The housekeeper lifts the muslin to see. "No, I don't like the look of that! Foreigners may chop, slice, and call it 'medicine,' but it is quite unthinkable that-"

"Do I advise the housekeeper," growls Maeno, "on where to buy fish?"

"Forceps," explains Orito, "don't cut-they turn and pull, just like a midwife's fingers but with a stronger grip . . ." She uses her Leiden salts again. "Miss Kawasemi, I'm going to use this instrument"-she holds up the forceps-"to deliver your baby. Don't be afraid, and don't resist. Europeans use them routinely-even for princesses and queens. We'll pull your baby out, gently and firmly."
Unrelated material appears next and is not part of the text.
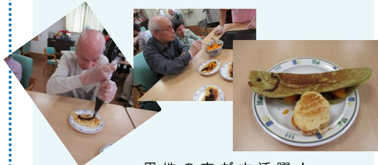
男性の方が大活躍！

"Do so . . ." Kawasemi's voice is a smothered rattle. "Do so . . ."

"Thank you, and when I ask Miss Kawasemi to push . . ."

"Push . . ." She is fatigued almost beyond caring. "Push . . ."

"How often," Tomine peers in, "have you used that implement?"

Orito notices the chamberlain's crushed nose for the first time: it is as severe a disfigurement as her own burn. "Often, and no patient ever suffered." Only Maeno and his pupil know that these "patients" were hollowed-out melons whose babies were oiled gourds. For the final time, if all goes well, she works her hand inside Kawasemi's womb. Her fingers find the fetus's throat, rotate his head toward the cervix, slip, gain a surer purchase, and swivel the awkward corpse through a third turn. "Now, please, Doctor."